YOUR GOAL:
Write out the data below exactly as given, without any of its pictures.

SUPPLIED INFORMATION:
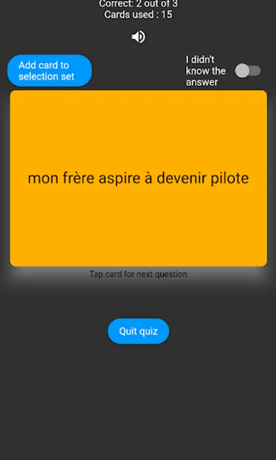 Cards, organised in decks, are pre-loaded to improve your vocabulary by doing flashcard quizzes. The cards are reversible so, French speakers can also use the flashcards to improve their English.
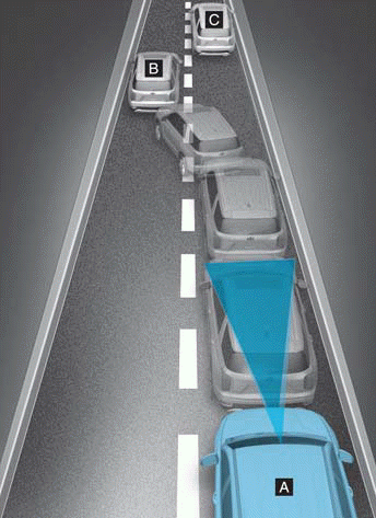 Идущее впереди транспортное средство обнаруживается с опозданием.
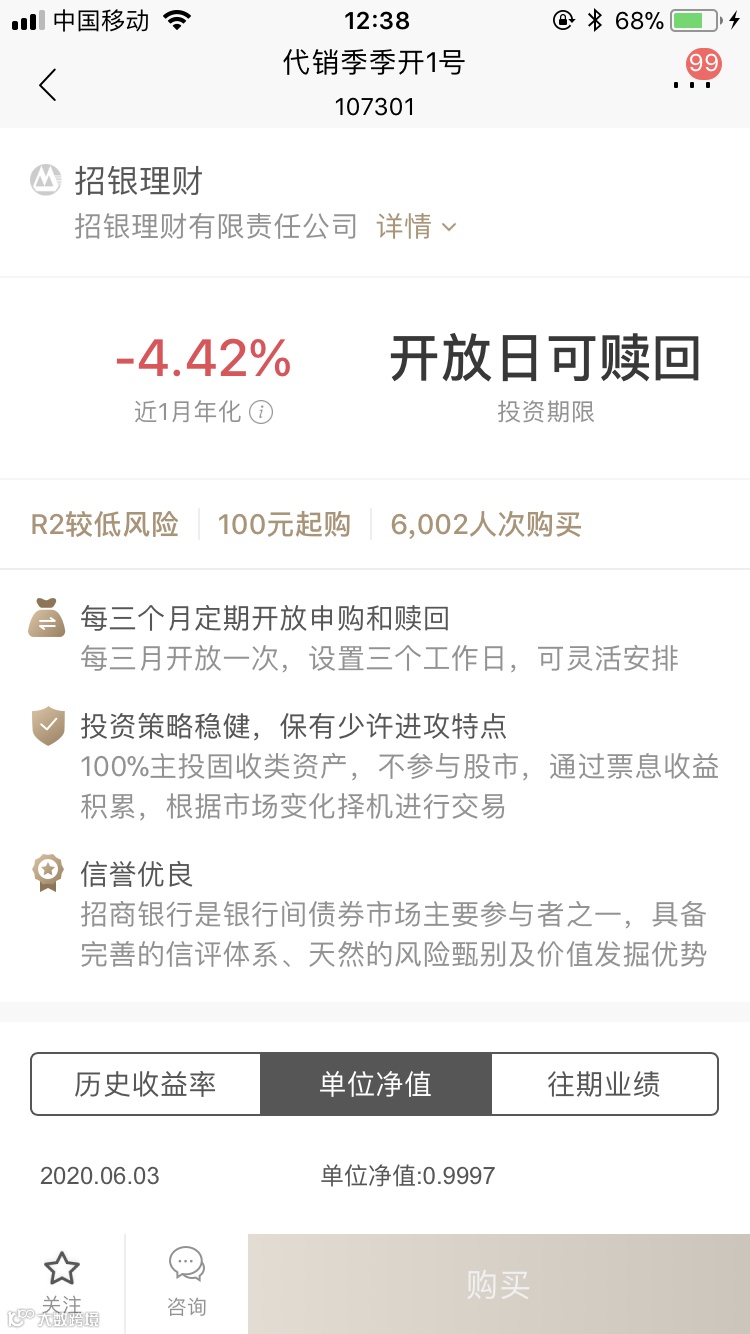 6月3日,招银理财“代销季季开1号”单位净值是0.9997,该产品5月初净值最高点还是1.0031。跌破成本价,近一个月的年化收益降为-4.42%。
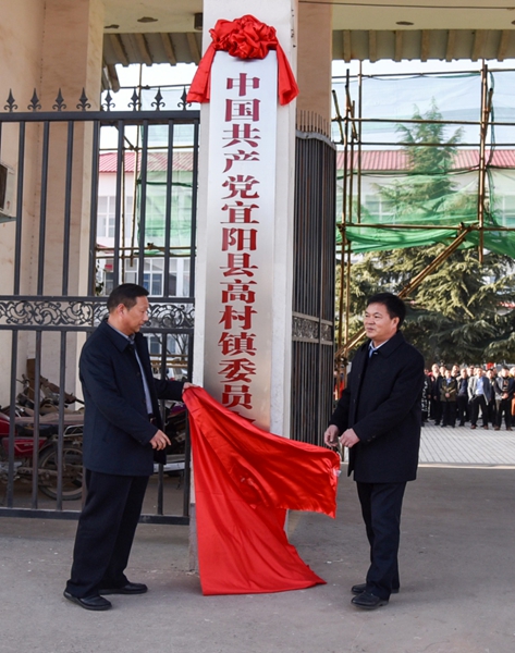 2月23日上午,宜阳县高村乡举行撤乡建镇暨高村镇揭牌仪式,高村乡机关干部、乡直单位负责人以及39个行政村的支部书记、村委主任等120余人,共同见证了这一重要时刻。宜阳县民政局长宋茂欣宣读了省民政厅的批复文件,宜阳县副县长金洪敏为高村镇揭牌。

REPLY:
 Cards, organised in decks, are pre-loaded to improve your vocabulary by doing flashcard quizzes. The cards are reversible so, French speakers can also use the flashcards to improve their English.
 Идущее впереди транспортное средство обнаруживается с опозданием.
 6月3日,招银理财“代销季季开1号”单位净值是0.9997,该产品5月初净值最高点还是1.0031。跌破成本价,近一个月的年化收益降为-4.42%。
 2月23日上午,宜阳县高村乡举行撤乡建镇暨高村镇揭牌仪式,高村乡机关干部、乡直单位负责人以及39个行政村的支部书记、村委主任等120余人,共同见证了这一重要时刻。宜阳县民政局长宋茂欣宣读了省民政厅的批复文件,宜阳县副县长金洪敏为高村镇揭牌。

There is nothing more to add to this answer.